In the lower left, Datatect provides a preview (in bold) of exactly how it will generate the 4Test code to input data for the RECORD variable "BillName". Not only will Datatect generate the data text file, perfectly formatted for use in any SilkTest data-driven test case but it will also generate, if you choose, all of the 4Test code required to process each field in the data file. You simply click the Generate button in the Silk tab of Datatect, provide a name for the data output file and then click the checkbox labeled ‘Generate Silk 4Test Code’ and Datatect does the rest.

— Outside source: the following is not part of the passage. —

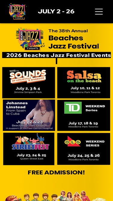 97%The Beaches International Jazz Festival is one of Canada's largest Free Jazz Festivals with nearly 1,000,000 attendees, throughout its month-long span. The Festival takes place across a number of venues within the beach area and also along a two kilometre stretch of the Beach mainstreet during StreetFest - Queen Street East.

It creates a ".dat" data file and uses the same name to create a corresponding ".t" script containing the 4Test code.
Before we purchased Datatect, I tested the default Datatect GMO specification to generate the evaluation limit of 25 records and the 4Test code needed to create customer orders on the Segue GMO website. I needed to add a total of 5 lines of 4Test code to the 4Test script generated by Datatect in order to compile and run the script. Datatect created the 4Test RECORD structure and all the fields, the file handle and file processing code, the testcase, the while loop used to parse each record in the data file, various comment blocks, and almost all the 4Test code needed to input each data value into their respective fields in the various GMO forms found on Segue’s website.
Using SilkTest and Datatect, the QA team was able to create dozens of data files (containing thousands of records) based on our established equivalency classes for testing the DoDots application. There were also two rather unexpected side effects from our data generation efforts.
One of the first things I noticed was how the 4Test code generated by Datatect actually helped some of the QA team's junior personnel make the jump from the 'capture, record, playback' methods to the more advanced programming techniques required to make SilkTest scripts robust in a test production environment. They began to experiment with different ways to use Silk's data-driven testing capabilities, confident that Datatect would generate most of what they needed.
The second thing that I noticed was how some of the senior SilkTest users had come to rely on the table generation capabilities of Datatect to effectively reverse engineer our database schema. They were using Datatect Specifications to examine the schema of each table and the data type of each field so they would know exactly what data type to create for SilkTest scripts. That was a very pleasant surprise even for a battle-worn QA guy like me.